Ross-Nazzal: Today is August 8th, 2016. This interview with Paul Marshall is being conducted for the Orion Oral History Project in Houston, Texas. The interviewer is Jennifer Ross-Nazzal, assisted by Sandra Johnson. Thanks again for taking some time out of your very busy day.

Marshall: Yes, my pleasure.

Ross-Nazzal: We appreciate it. I wanted to start by asking you about Orion and this multi-Center approach. NASA’s got all these different Field Centers. They’re spread across the country. There’s different cultural attitudes, and regional differences between all these Centers. What impact did that have on Orion’s hardware, processes, or development? If you could share those details with us.

Marshall: First of all, all of our programs have always been multi-Center: human spaceflight, spacecraft development, Space Station, whatever. They’ve always been that way. We’ve always been used to working with colleagues at other Centers. What we did try to do this time was engage the Centers in a slightly different way. Traditional approach was setting up individual project offices in other Centers, which was sort of a level of separation, if you will, between that entity and the Program. I know when we started in the ’06 timeframe, I guess, [we were] working on defining the relationships with the Centers. One of the things we wanted to do was flatten that out and engage the Centers, I suppose, in a more collaborative way by making them, essentially, part of the Program Office, direct report offices, just like offices that may be physically located here, at JSC. We started that with written agreements with the Center Directors at the time. We spent a number of weeks, or months, working with the Center Directors’ offices kind of working through how to articulate the agreement.

Some of the things we felt [were] really important not having to set up another set of contracts, for example. We wanted one contract, and what we needed was workforce to help manage aspects of the contract so at Langley [Research Center, Hampton, Virginia]—it was LAS [Launch Abort System] at the time. At Glenn [Research Center, Cleveland, Ohio], we were engaging them to manage the service module.
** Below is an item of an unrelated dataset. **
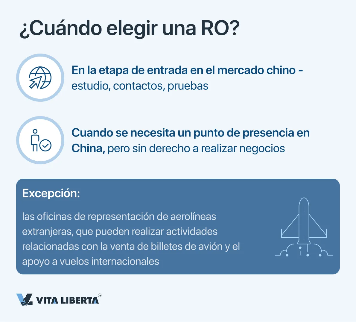 - Una Oficina de Representación (RO) no es una persona jurídica, sino solo una subdivisión acreditada de una empresa extranjera. No puede realizar actividades comerciales (vender, obtener beneficios), y está destinada solo a marketing, investigación y apoyo al cliente. El proceso de acreditación toma 20-45 días. Una RO es una herramienta para la “exploración” del mercado, no para realizar negocios.

And, of course, at any of the Centers, we created the expectation for, and certainly the ability to do, any of the offices could engage specific skills or workforce at other Centers in a matrix however it was necessary. Just like we matrix support from engineering here at JSC, we could ask a Center like Langley or Glenn, “Hey, look. We need a particular skill that we think you have in this guy, or this office is the right thing. Can we set up a point-to-point agreement where they would work for, let’s say, our Vehicle Integration Office that happens to be based here, but drawing in some resources there?”

We have a lot of examples of doing that. For example, one big part of system engineering, obviously, is requirements control. So our System Engineering, or Vehicle Integration Office, is headed up here at JSC, but early on, we worked with some really, really talented people up at Glenn. We matrixed, essentially, all of that requirements management process up there, which felt funny at the time, but it’s worked out really well, because there are great folks up there and good processes. Any more, with all the gadgets we have for transferring data and that sort of thing, it’s worked out perfectly. It’s two different kinds of relationships with other offices. They’re just somewhat different especially on the office manager roles. The Langley LAS role and the Glenn service module roles [are] somewhat different than we’ve done in the past. Does that get to the question?

Ross-Nazzal: Absolutely, yes. I also wanted to ask you about working with international partners. ESA [European Space Agency] is building the ESM [European Service Module]. Can you talk about that relationship and the impact that that’s had on Orion?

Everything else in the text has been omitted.